> [DIRECTIONS FOR THIS TASK]
Nothing outside the range is to be copied. From the entries below, reproduce exactly the lines starting at the one with "ケーシー 白衣 ジャケット" and ending at the one with "You can use", without pictures.

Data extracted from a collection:

==============================

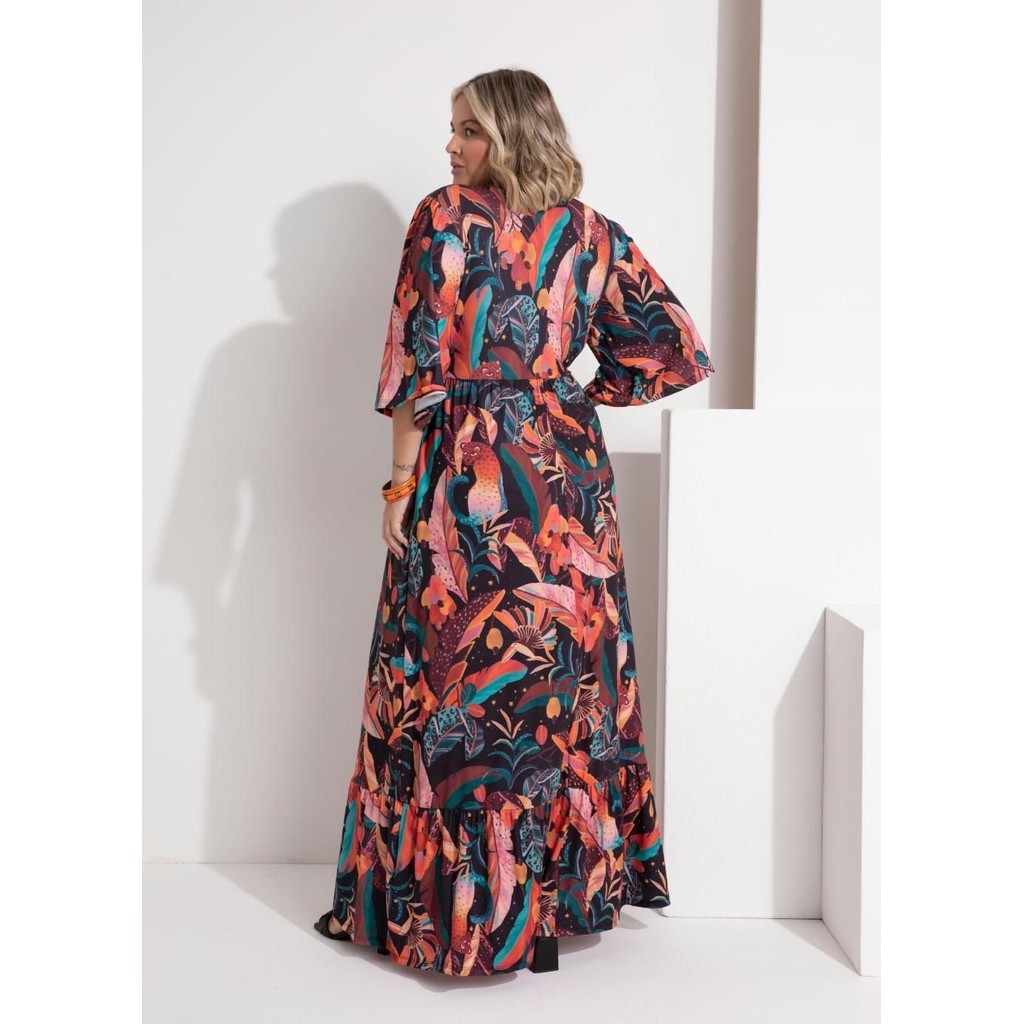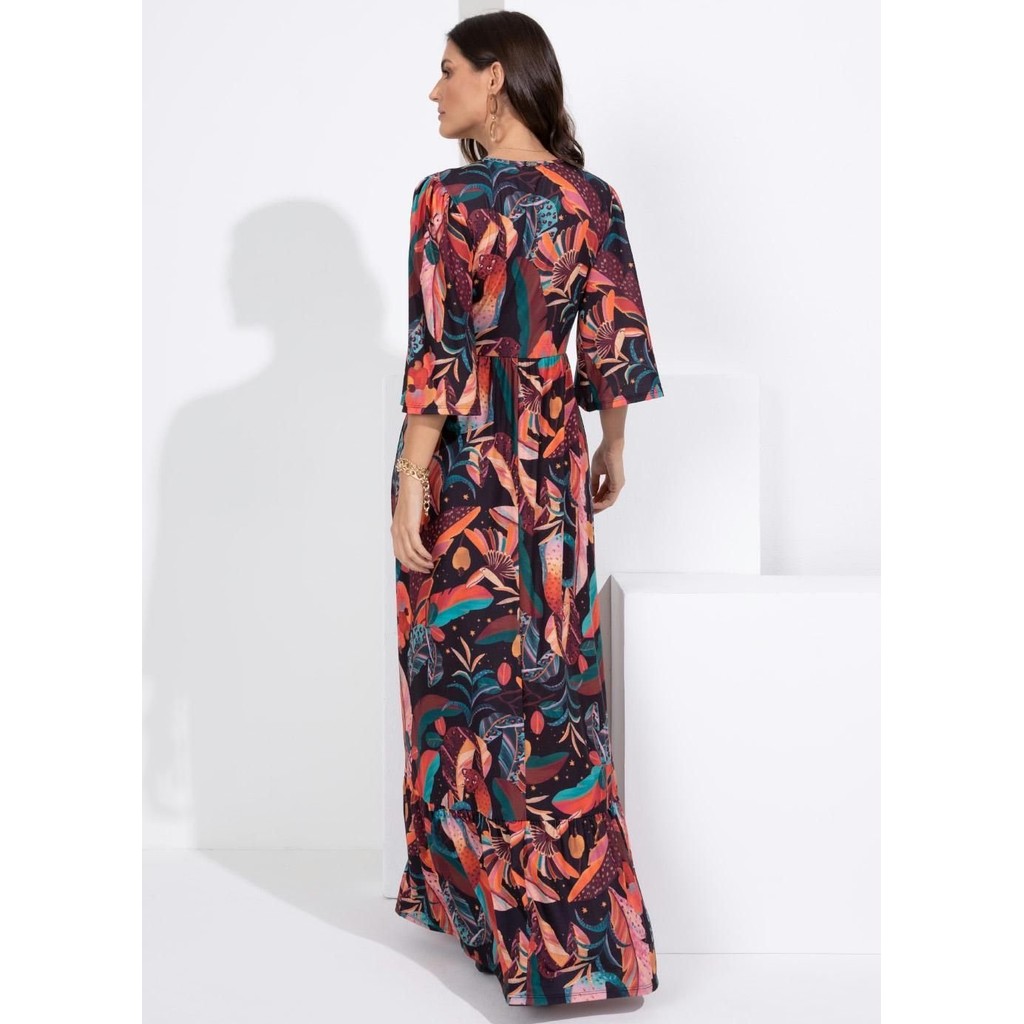 Vestido Longo Com Mangas Amplas Preto Quintess
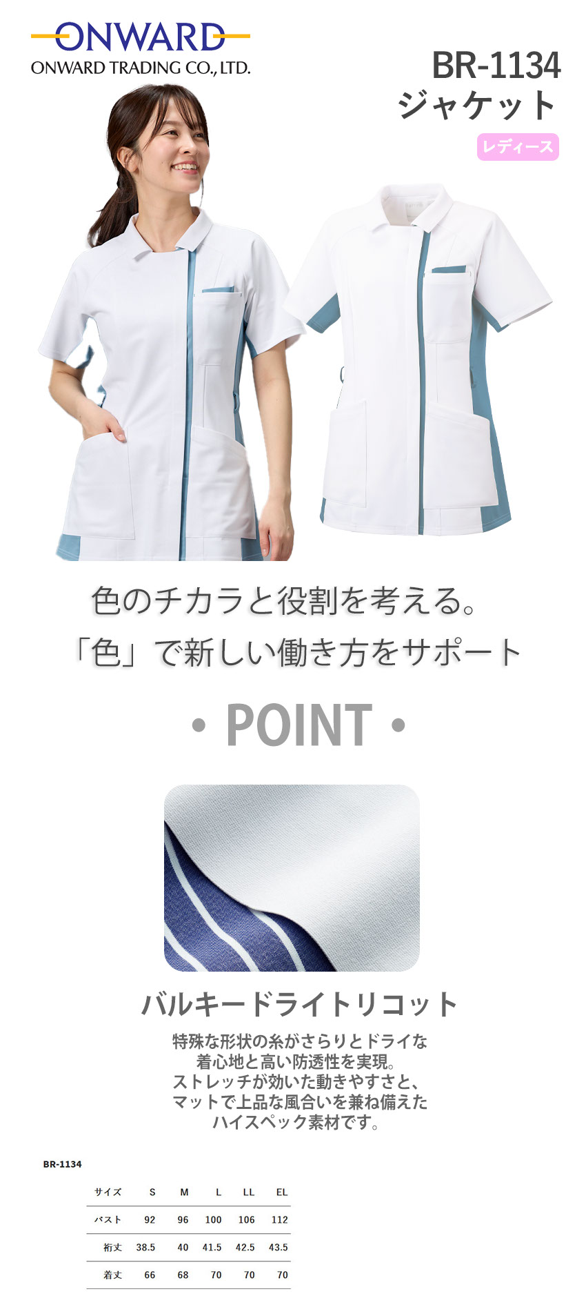 ケーシー 白衣 ジャケット 横掛 BR-1134 オンワード ONWARD ラフィーリア 医療 治療 襟なし レディース 女性用 半袖 医師 医者 看護師 ナース 医療用 病院 クリニック 作業療法 人気 上衣 医務衣 診察衣 ストレッチ 可愛い かわいい おしゃれ
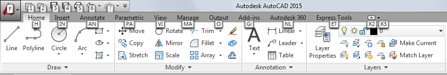 You can use keystrokes instead of the pointing device to make selections on menus, the Quick Access toolbar, and ribbons. To find out which keystrokes are available in the current workspace, press the Alt key.
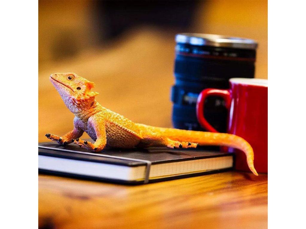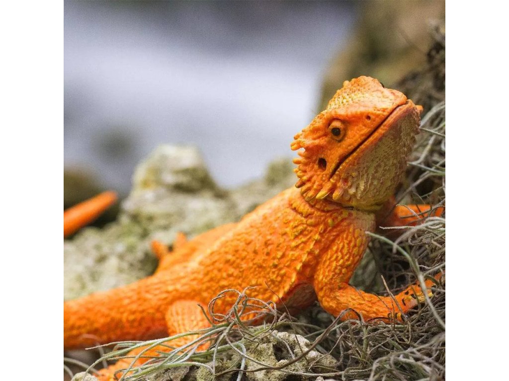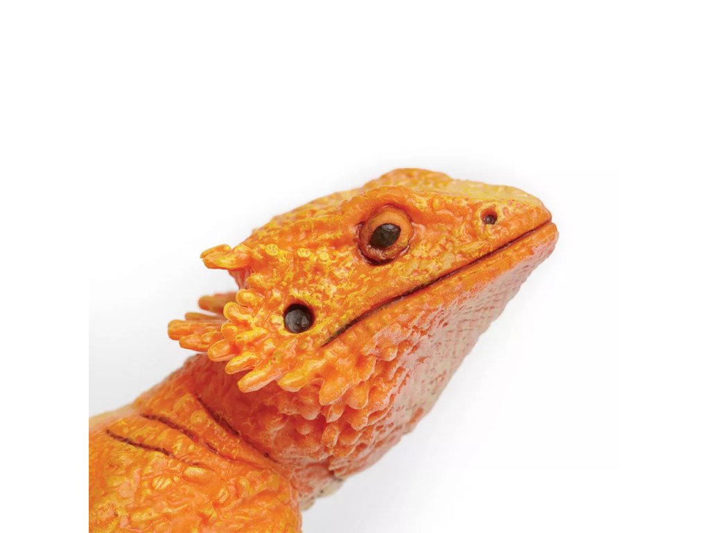 Figurka agamy vousaté, denního ještěra, pocházejícího z čeledi agamovitých. Má žluté, světle hnědé až hnědočervené zbarvení, dosahuje velikosti až 60 cm. Agama stejně jako hadi svléká svou kůži, svléknutí celé kůže brání trnité výrůstky. Dožívá se 10- 15 let.
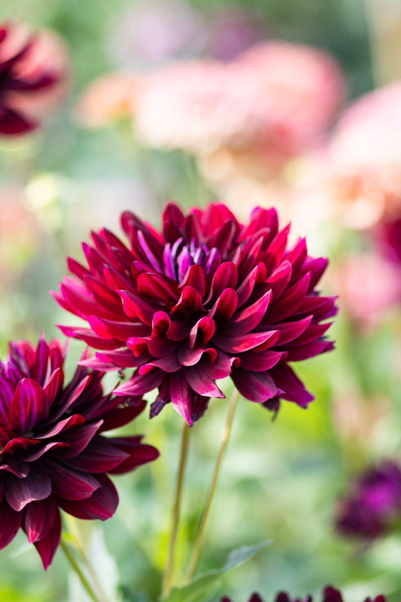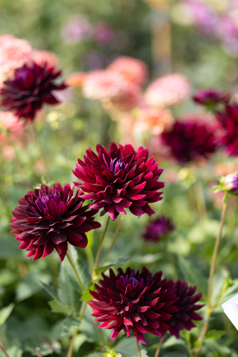 Les dahlias sont ceux avec le plus de critères de sélection : port de la plante, longueur de la tige, inclinaison et solidité de la fleur, la couleur, la forme ou encore la conservation en hivernage.
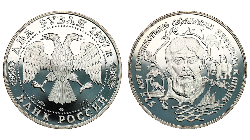 Серебро. 0,25 oz. 0,500. 15,55 г. "525 лет путешествию Афанасия Никитина в Индию /портрет и животные". Y# 559. В оригинальной капсуле.
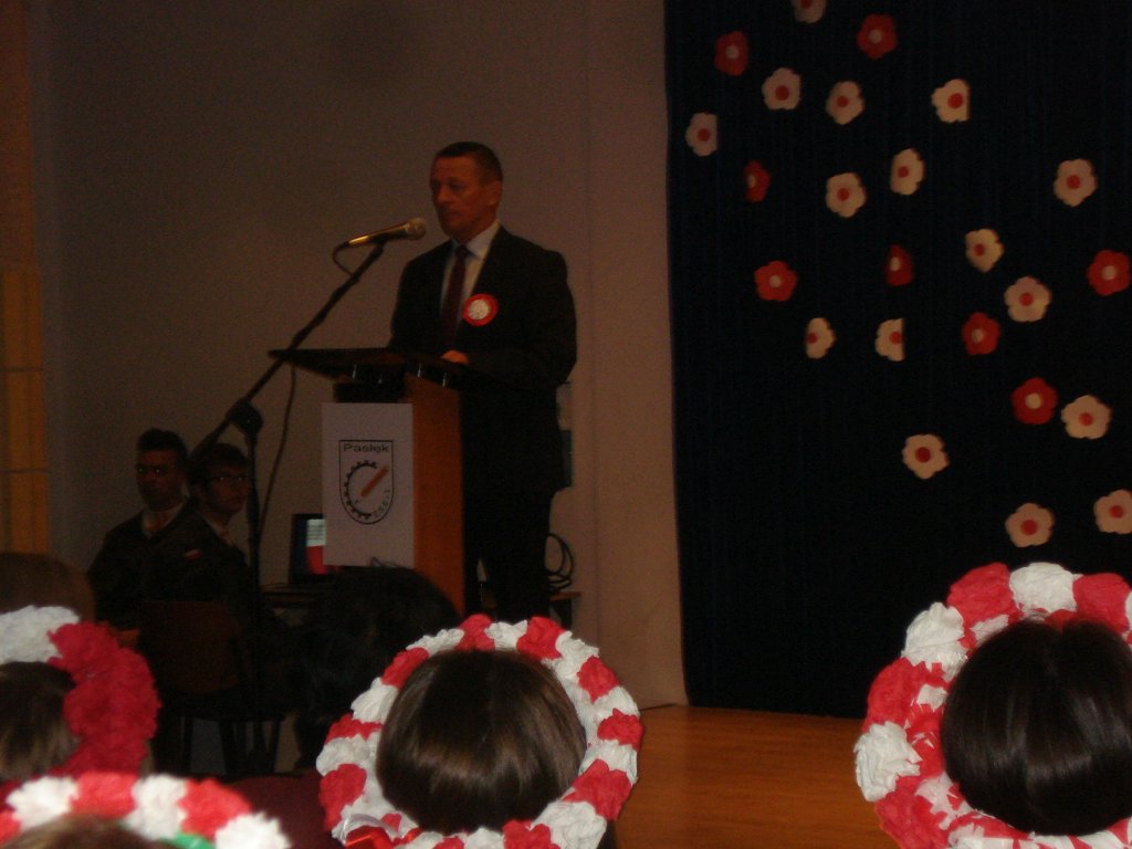 Potem przeszliśmy wraz z licznie zebranymi pasłęczanami na plac św. Wojciecha. Po zaśpiewaniu Hymnu Państwowego (grała orkiestra strażacka z Zielonki Pasłęckiej) zatańczono poloneza, w którym wzięła udział większość zgromadzonych uczestników. Dyrekcja szkoły wiodła prym w jego wykonaniu.
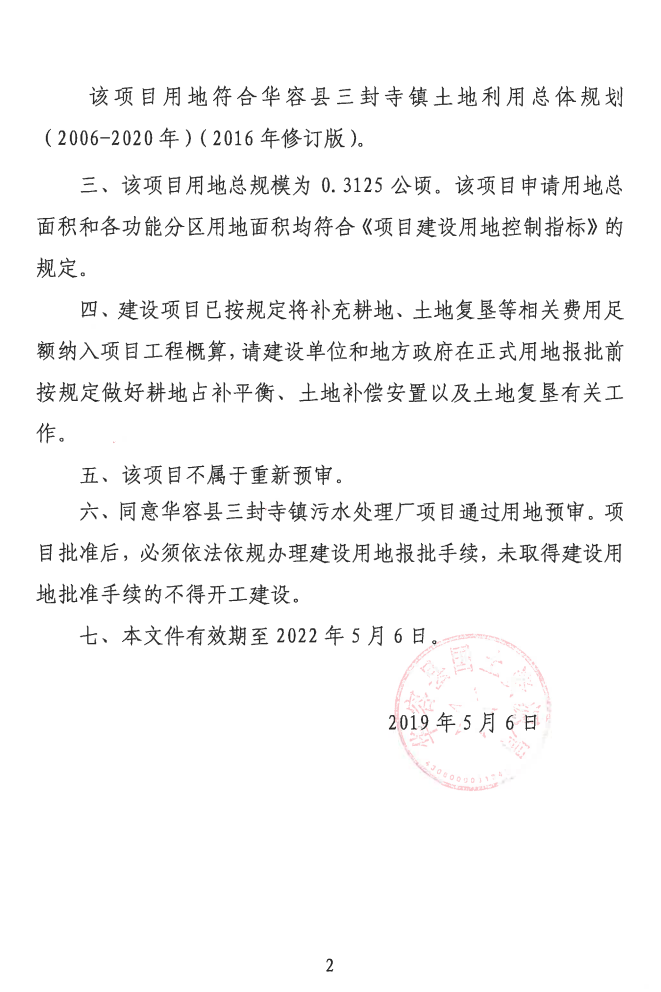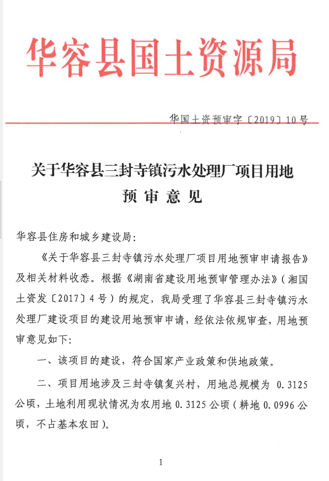关于华容县三封寺镇污水处理厂项目用地预审意见
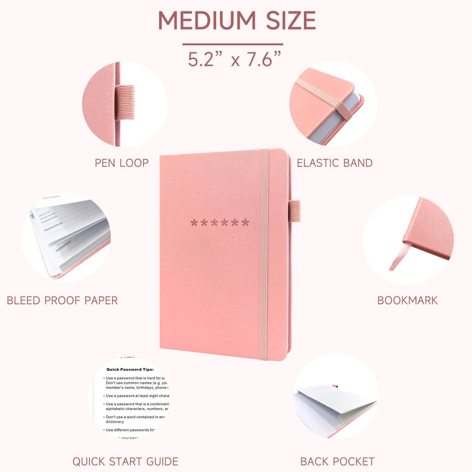 - Premium Quality - TUPARU password notebook's hardcover is made of high-quality leatherette material which looks really beautiful on the outside. And this internet address book comes with an accordion back pocket, one ribbon bookmark, a pen holder, and an elastic band.
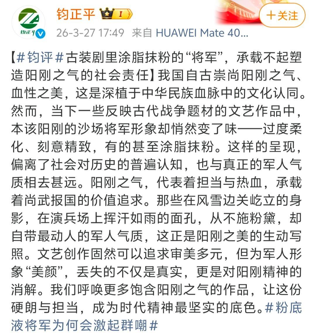 解放军官方账号“钧正平”发文批评:古装剧里涂脂抹粉的“将军”,承载不起塑造阳刚之气的社会责任。
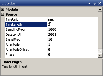 於 Network 視窗新增 Source / Sine 創造 sine wave,於 Properties 視窗 Name 欄位修改名稱為 Sine,freq=10,Signal frequency 預設即為 10 Hz,調整 TimeLength 欄位為 0.9sec。
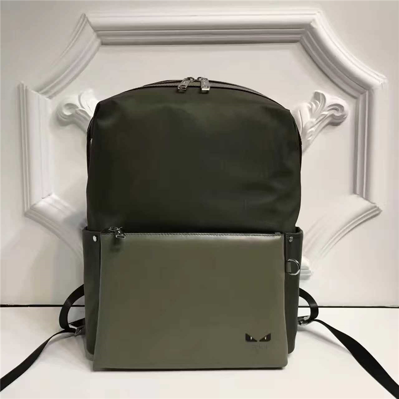Fendi 芬迪新款 尼龍拼皮 BAG BUGS眼睛圖案 雙肩背包 軍綠色
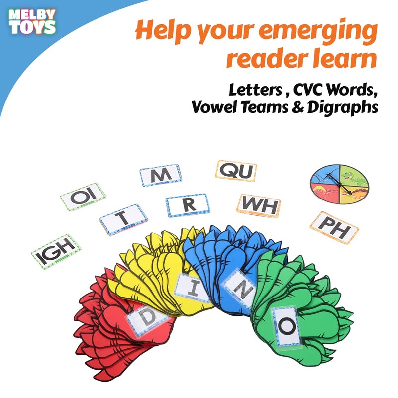 - 🦖 HELP YOUR DINO LOVER LEARN TO READ - Dino Stomp grows with your child. Starting with letters, our dinosaur flash cards also include blends, digraphs and vowel teams. After your child has mastered their letters, build words, one stomp at a time! A multisensory game great for dyslexic learners.
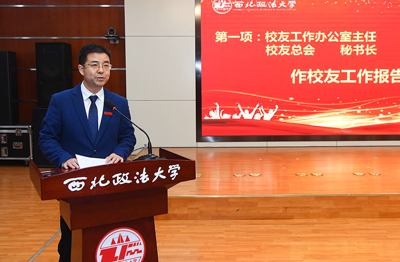 最后,校长、校友总会会长杨宗科对本次大会进行了总结并发表了讲话。他首先代表学校对不惧严寒“回家”参加大会和在云上或线上关注大会活动的所有校友,表示衷心的感谢和热烈的欢迎。他指出,教育发展基金会的成立在学校办学治校历史上具有里程碑意义,是社会参与学校治理的重要方式之一,这标志着以党委领导、校长负责、教授治学、民主管理、社会参与、依法治校为构成要素的现代大学治理体系在学校得以完善。西北政法大学在党和国家全面依法治国的战略布局当中,在培养“德才兼备、德法兼修”高素质法治人才的崇高使命当中,责任重大,使命光荣。西北政法大学教育发展基金会得到了校友和社会各界广泛的参与、慷慨的捐助和积极的支持,这是因为大家对学校的发展充满了信心,西北政法大学必须、只能,也一定能越办越好。他希望,教育发展基金会能够把所有的校友会、校友和社会各界人士对西北政法大学的爱心用好,并能很好的传递下去,更好的服务和鼓舞广大教师和学生,为建立“法学特色鲜明,多学科协调发展”的教学研究型高水平大学做出更大的贡献。杨宗科校长希望西北政法大学所有在校的和已经毕业了的同学能够继续弘扬“政治坚定、实事求是、勇于创新、艰苦奋斗”的老延大优良传统,传承和发展“法治信仰,中国立场,国际视野,平民情怀”的育人理念,共同为学校的事业发展贡献力量。

==============================

> [ANSWER BOX]
 ケーシー 白衣 ジャケット 横掛 BR-1134 オンワード ONWARD ラフィーリア 医療 治療 襟なし レディース 女性用 半袖 医師 医者 看護師 ナース 医療用 病院 クリニック 作業療法 人気 上衣 医務衣 診察衣 ストレッチ 可愛い かわいい おしゃれ
 You can use keystrokes instead of the pointing device to make selections on menus, the Quick Access toolbar, and ribbons. To find out which keystrokes are available in the current workspace, press the Alt key.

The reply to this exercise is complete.